Article

Rizmaan Marikar · Mar 20, 2023 8m read

#Best Practices #Embedded Python #Tutorial #InterSystems IRIS

Introduction

Data analytics is a crucial aspect of business decision-making in today's fast-paced world. Organizations rely heavily on data analysis to make informed decisions and stay ahead of the competition. In this article, we will explore how data analytics can be performed using Pandas and Intersystems Embedded Python. We will discuss the basics of Pandas, the benefits of using Intersystems Embedded Python, and how they can be used together to perform efficient data analytics.

What's Pandas for?

Pandas is a versatile tool that can be used for a wide range of tasks, to the point where it may be easier to list what it cannot do rather than what it can do.

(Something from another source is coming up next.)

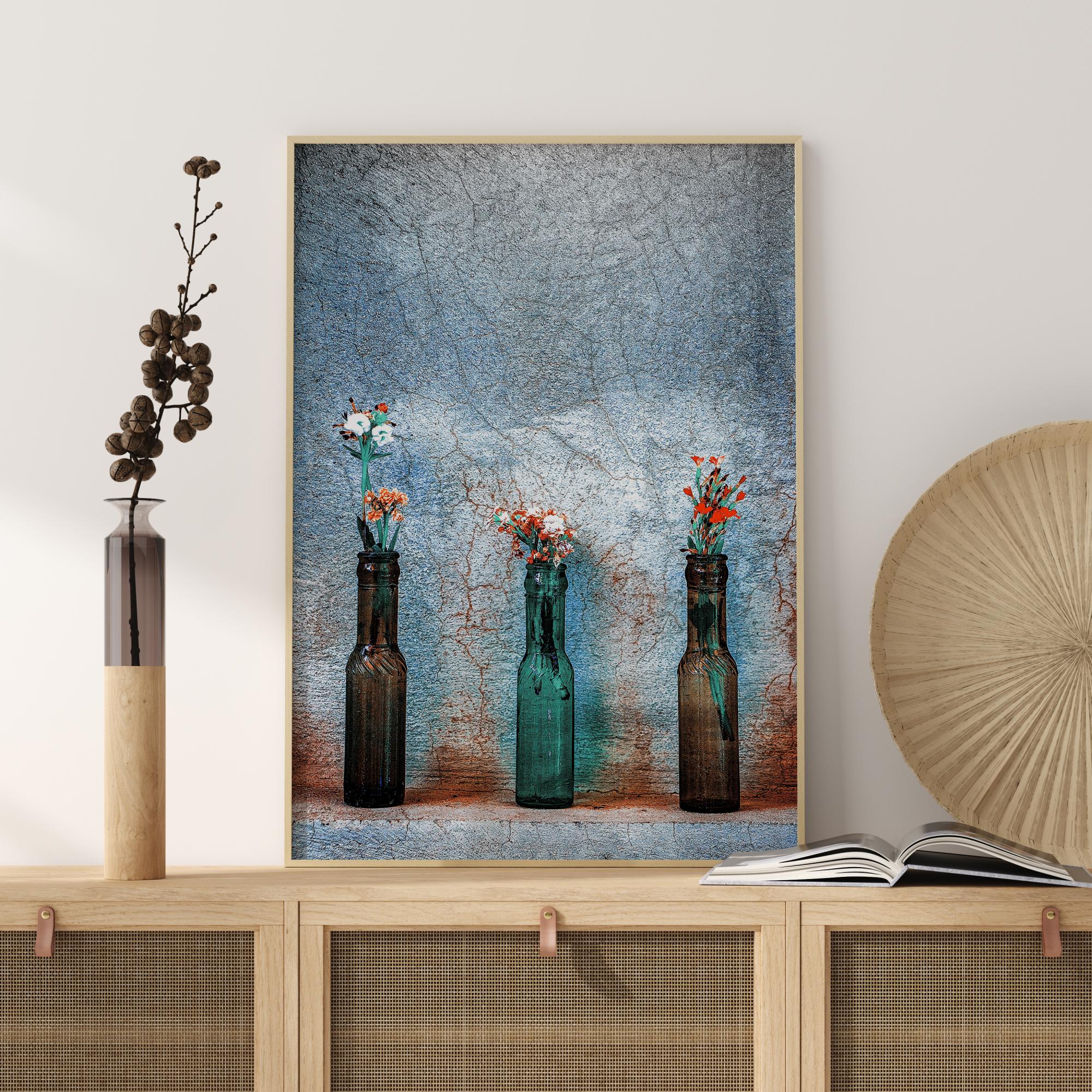 Krásna tlač troch sklenených fliaš proti kamennému povrchu. Každá fľaša obsahuje malé farebné kytice farebných kvetov. Hnedé žilky v kameňoch zvýrazňujú hnedé tiene od fliaš, ktoré sa odrážajú na kamennej polici. Jednoduchý, ale jemný plagát na zavesenie na bielu stenu, aby ste pridali trochu extra farby.

Essentially, pandas serves as a home for your data. It allows you to clean, transform, and analyze your data to gain familiarity with it. For instance, if you have a dataset saved in a CSV file on your computer, pandas can extract the data into a table-like structure called a DataFrame. With this DataFrame, you can perform various tasks such as:

Calculating statistics and answering questions about the data such as finding the average, median, maximum, or minimum of each column, determining if there is correlation between columns, or exploring the distribution of data in a specific column.
Cleaning the data by removing missing values or filtering rows and columns based on certain criteria.
Visualizing the data with the help of Matplotlib, which enables you to plot bars, lines, histograms, bubbles, and more.
Storing the cleaned and transformed data back into a CSV, database, or another type of file.

Before delving into modeling or complex visualizations, it's essential to have a solid understanding of your dataset's nature, and pandas provides the best way to achieve this understanding.

Benefits of using Intersystems Embedded Python

Intersystems Embedded Python is a Python runtime environment that is embedded within the Intersystems data platform. It provides a secure and efficient way to execute Python code within the data platform, without having to leave the platform environment. This means that data analysts can perform data analytics tasks without having to switch between different environments, resulting in increased efficiency and productivity.

Combining Pandas and Intersystems Embedded Python

By combining Pandas and Intersystems Embedded Python, data analysts can perform data analytics tasks with ease. Intersystems Embedded Python provides a secure and efficient runtime environment for executing Python code, while Pandas provides a powerful set of data manipulation tools. Together, they offer a comprehensive data analytics solution for organizations.

Installing Pandas.

Install a Python Package

To use Pandas with InterSystems Embedded Python, you'll need to install it as a Python package. Here are the steps to install Pandas:

Open a command prompt as Administrator mode (on Windows).
Navigate to the <installdir>/bin directory in the command prompt.
Run the following command to install Pandas: irispip install --target <installdir>\mgr\python pandas This command installs Pandas into the <installdir>/mgr/python directory, which is recommended by InterSystems. Note that the exact command may differ depending on the package you're installing. Simply replace pandas with the name of the package you want to install.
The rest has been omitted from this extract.